Data to examine
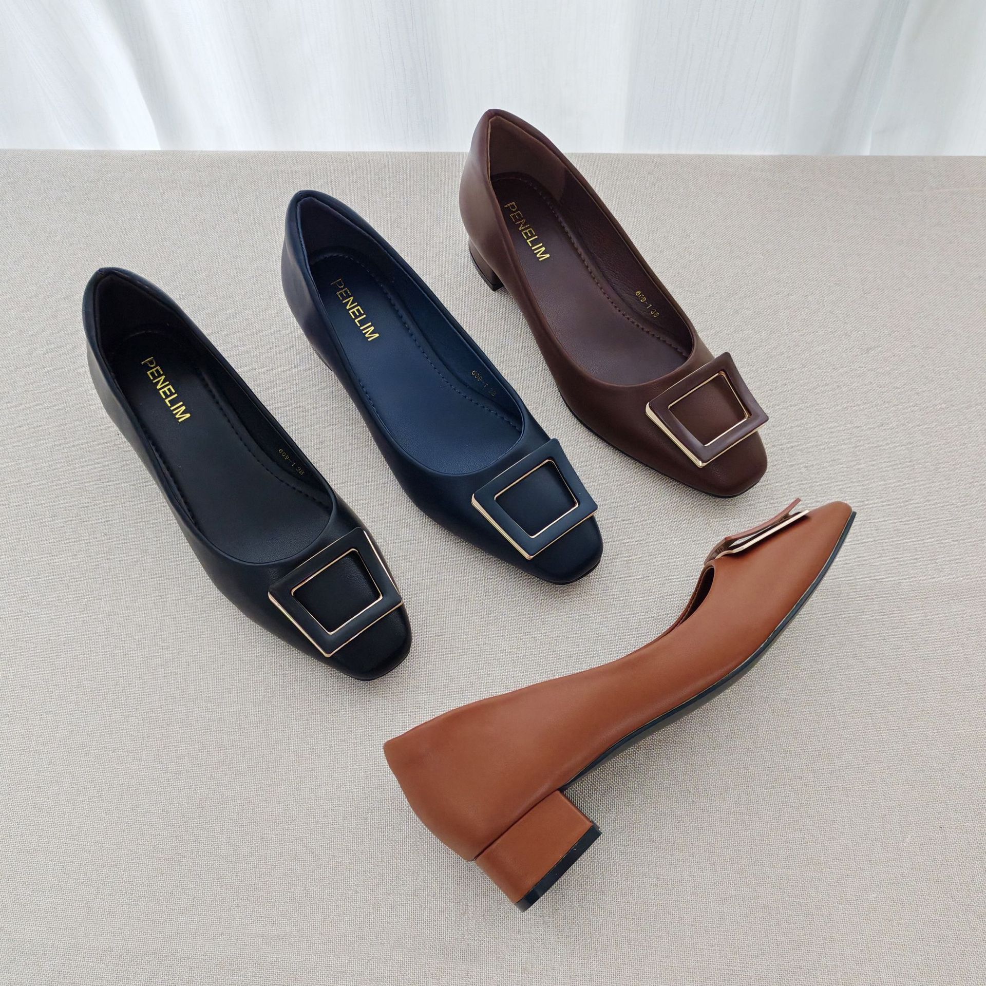 外国貿易ソフトレザーチャンキーヒール女性用新作春秋婦人靴ローヒール快適なソフトソール浅い口カジュアルワークシューズ女性用
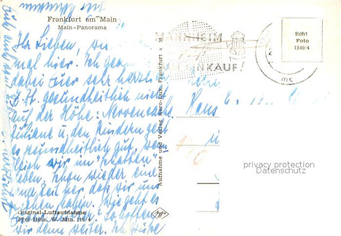 73662145 alte Postkarte Frankfurt Main Fliegeraufnahme postalisch gelaufen Erhaltung siehe scans [LiesaD40] KatCode: 11110006412000
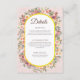 Charming Garden Floral Wedding Details Card com um fundo cor-de-rosa macio com sotaques florais elegantes de borda amarela. Perfeito para compartilhar informações importantes sobre o casamento, como recepção, acomodação e detalhes adicionais com seus convidados. Personalize facilmente para combinar com o tema do seu casamento. Consulte a coleção correspondente em La_Promesse.
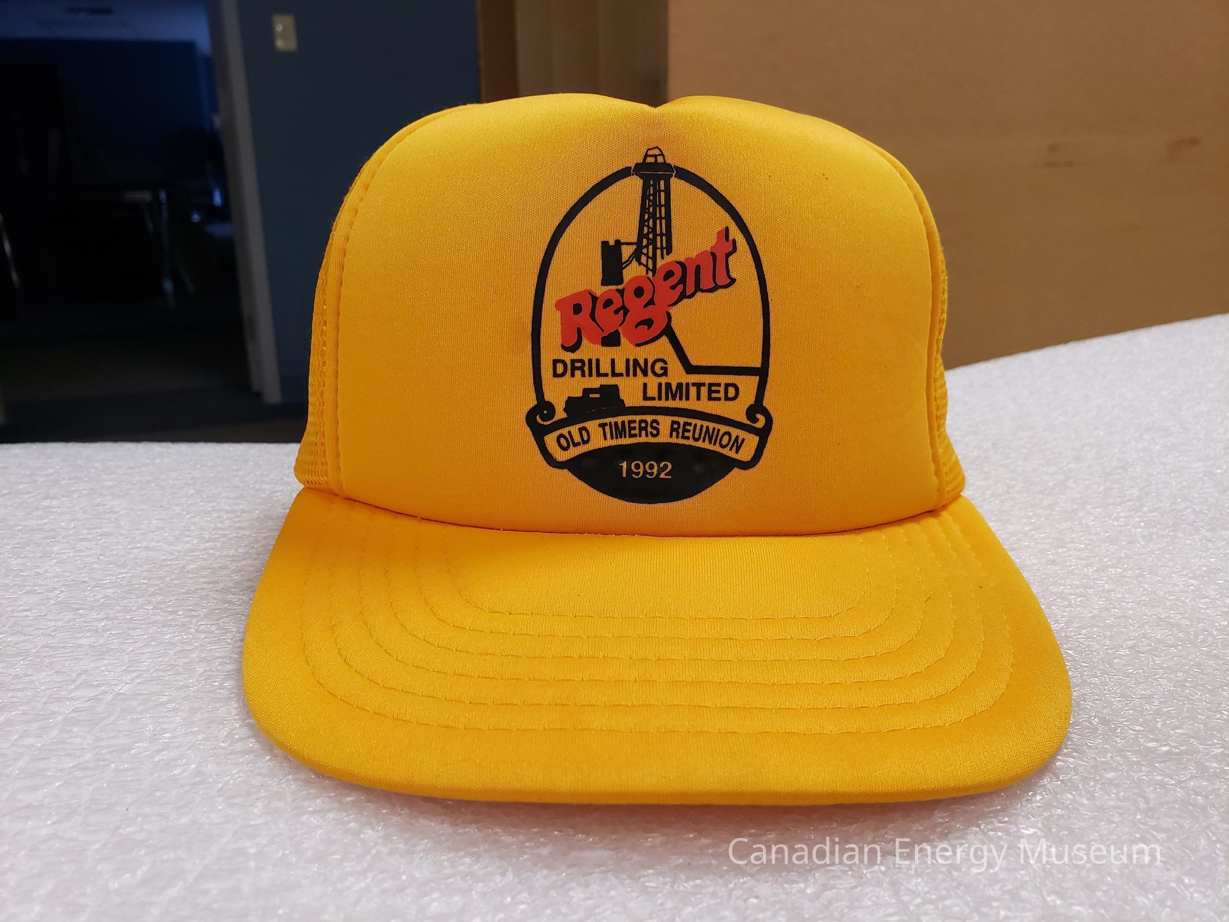 Trucker cap, branded to Regent Drilling Ltd for the occasion of the 1992 "Old Timers Reunion". Yellow visor and front panels, with yellow mesh body.
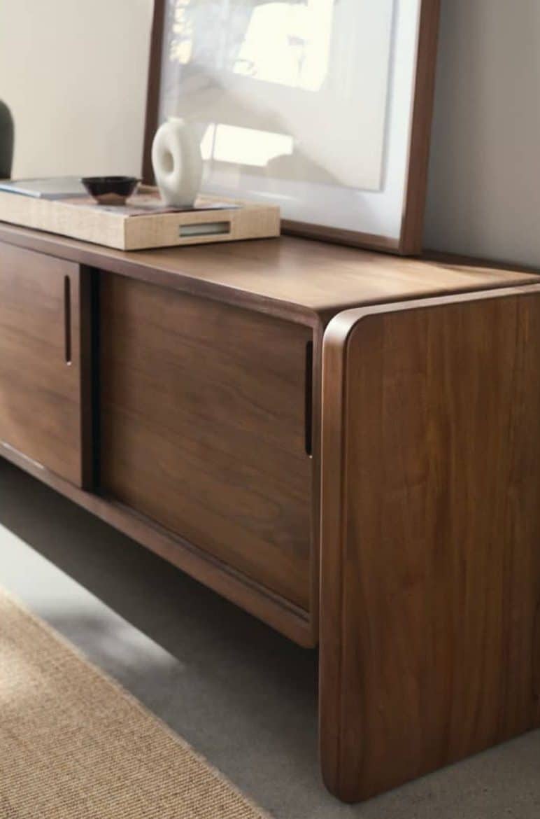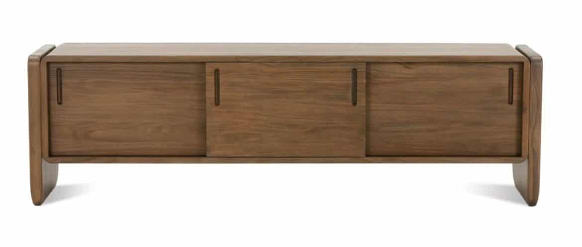 Product Description: Rowe RR-11000-601 Nova Sliding Door Credenza - Embodying the essence of modern sophistication, the Nova Alternate Credenza masterfully balances form and function with its clean lines and thoughtful design. Crafted from lightly stained solid teak, this elegant storage solution features two smooth-gliding doors and an internal shelf, offering versatile storage while maintaining a sleek, minimalist profile. The rounded edges and floating base design create an architectural statement that feels both substantial and ethereal, perfect for anchoring a media setup or serving as a distinctive storage piece in any contemporary space. Whether styled beneath a mounted television or used as a statement piece in an entryway, this credenza's honest construction and eloquent simplicity make it a versatile addition that elevates the surrounding space while harmonizing beautifully with upholstered pieces from the collection.

What the exercise asks
Reproduce every line above as written, skipping pictures.

Response for this exercise
 外国貿易ソフトレザーチャンキーヒール女性用新作春秋婦人靴ローヒール快適なソフトソール浅い口カジュアルワークシューズ女性用
 73662145 alte Postkarte Frankfurt Main Fliegeraufnahme postalisch gelaufen Erhaltung siehe scans [LiesaD40] KatCode: 11110006412000
 Charming Garden Floral Wedding Details Card com um fundo cor-de-rosa macio com sotaques florais elegantes de borda amarela. Perfeito para compartilhar informações importantes sobre o casamento, como recepção, acomodação e detalhes adicionais com seus convidados. Personalize facilmente para combinar com o tema do seu casamento. Consulte a coleção correspondente em La_Promesse.
 Trucker cap, branded to Regent Drilling Ltd for the occasion of the 1992 "Old Timers Reunion". Yellow visor and front panels, with yellow mesh body.
 Product Description: Rowe RR-11000-601 Nova Sliding Door Credenza - Embodying the essence of modern sophistication, the Nova Alternate Credenza masterfully balances form and function with its clean lines and thoughtful design. Crafted from lightly stained solid teak, this elegant storage solution features two smooth-gliding doors and an internal shelf, offering versatile storage while maintaining a sleek, minimalist profile. The rounded edges and floating base design create an architectural statement that feels both substantial and ethereal, perfect for anchoring a media setup or serving as a distinctive storage piece in any contemporary space. Whether styled beneath a mounted television or used as a statement piece in an entryway, this credenza's honest construction and eloquent simplicity make it a versatile addition that elevates the surrounding space while harmonizing beautifully with upholstered pieces from the collection.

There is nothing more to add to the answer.